### PROVIDED DATA

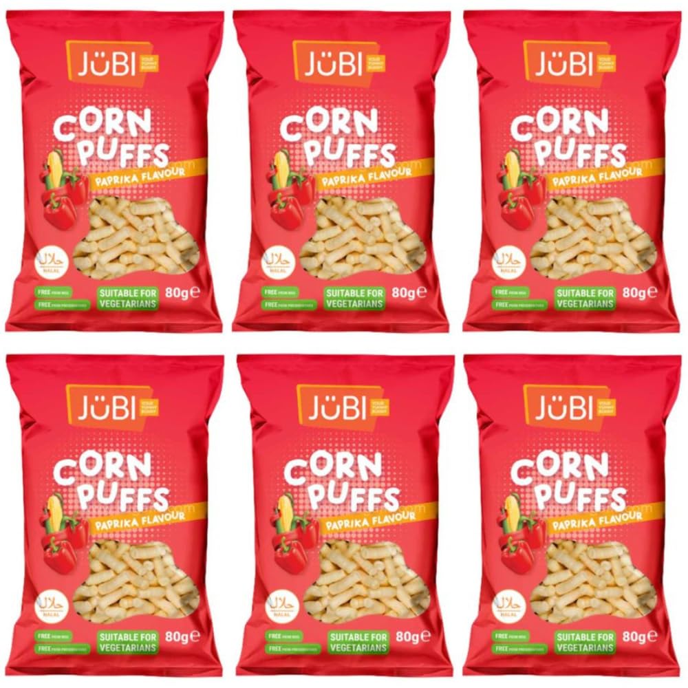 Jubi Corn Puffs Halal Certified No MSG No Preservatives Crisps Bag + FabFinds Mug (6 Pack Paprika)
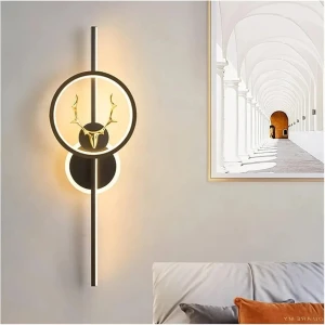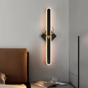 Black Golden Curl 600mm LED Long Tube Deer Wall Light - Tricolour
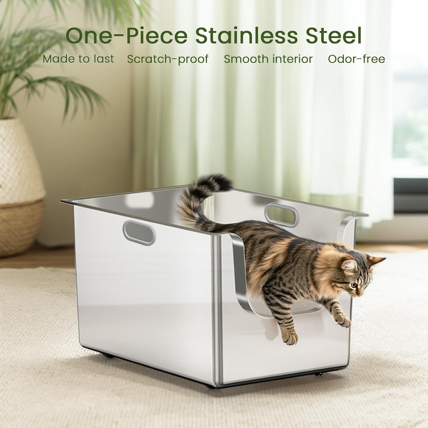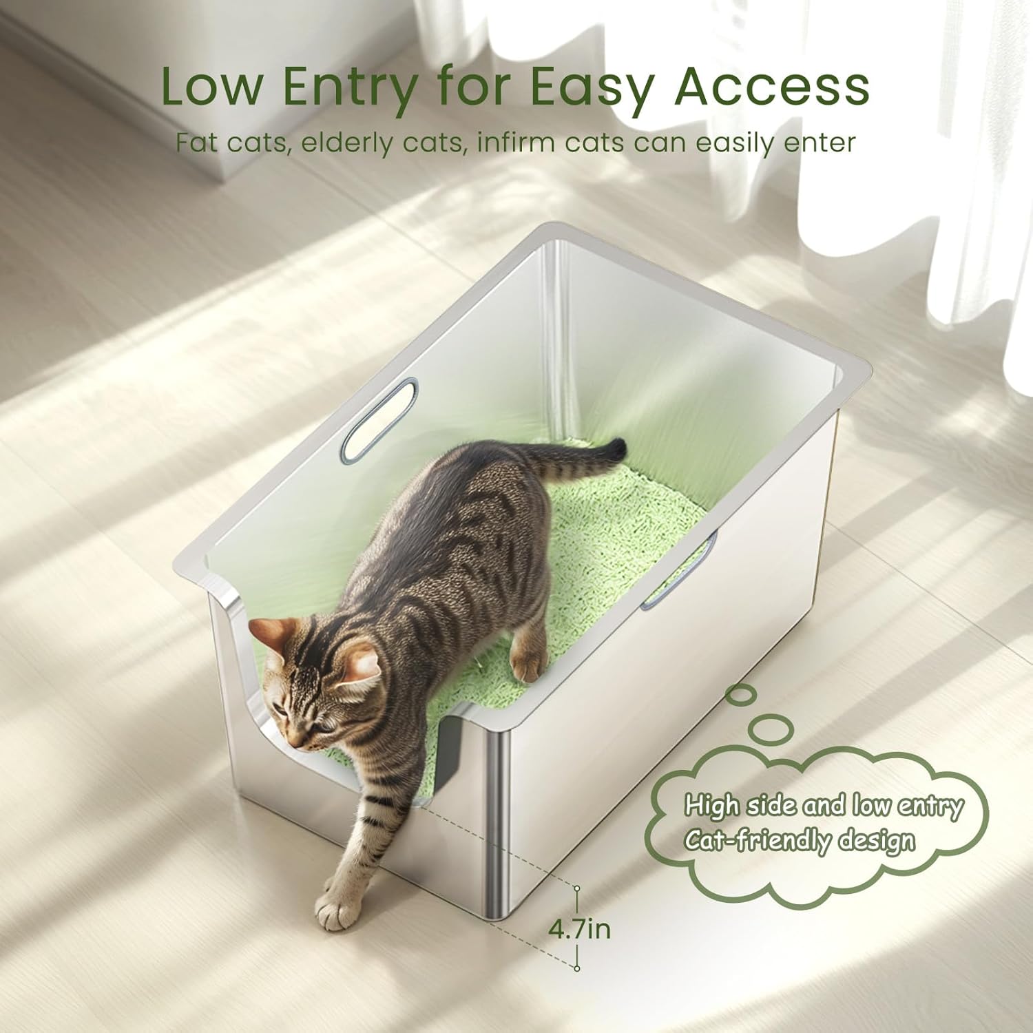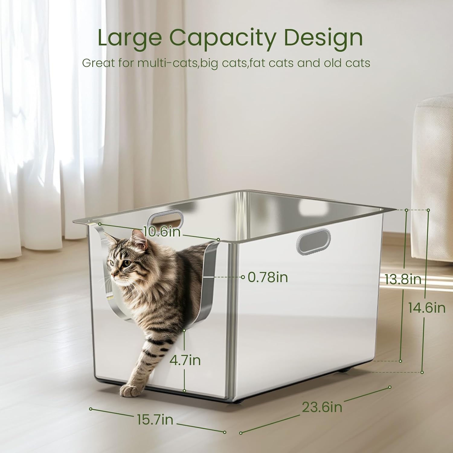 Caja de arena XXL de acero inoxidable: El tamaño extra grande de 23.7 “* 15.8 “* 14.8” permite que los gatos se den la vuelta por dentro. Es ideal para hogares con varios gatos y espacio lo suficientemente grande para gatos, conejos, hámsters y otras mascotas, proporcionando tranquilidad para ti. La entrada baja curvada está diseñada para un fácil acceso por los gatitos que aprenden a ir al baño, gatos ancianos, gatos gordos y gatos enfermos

######

*WORK TASK:*
Retype the line containing "Black Golden Curl" and all lines after it through the end of the material, exactly and only those, leaving out pictures.

*SOLUTION TO THIS TASK:*
 Black Golden Curl 600mm LED Long Tube Deer Wall Light - Tricolour
 Caja de arena XXL de acero inoxidable: El tamaño extra grande de 23.7 “* 15.8 “* 14.8” permite que los gatos se den la vuelta por dentro. Es ideal para hogares con varios gatos y espacio lo suficientemente grande para gatos, conejos, hámsters y otras mascotas, proporcionando tranquilidad para ti. La entrada baja curvada está diseñada para un fácil acceso por los gatitos que aprenden a ir al baño, gatos ancianos, gatos gordos y gatos enfermos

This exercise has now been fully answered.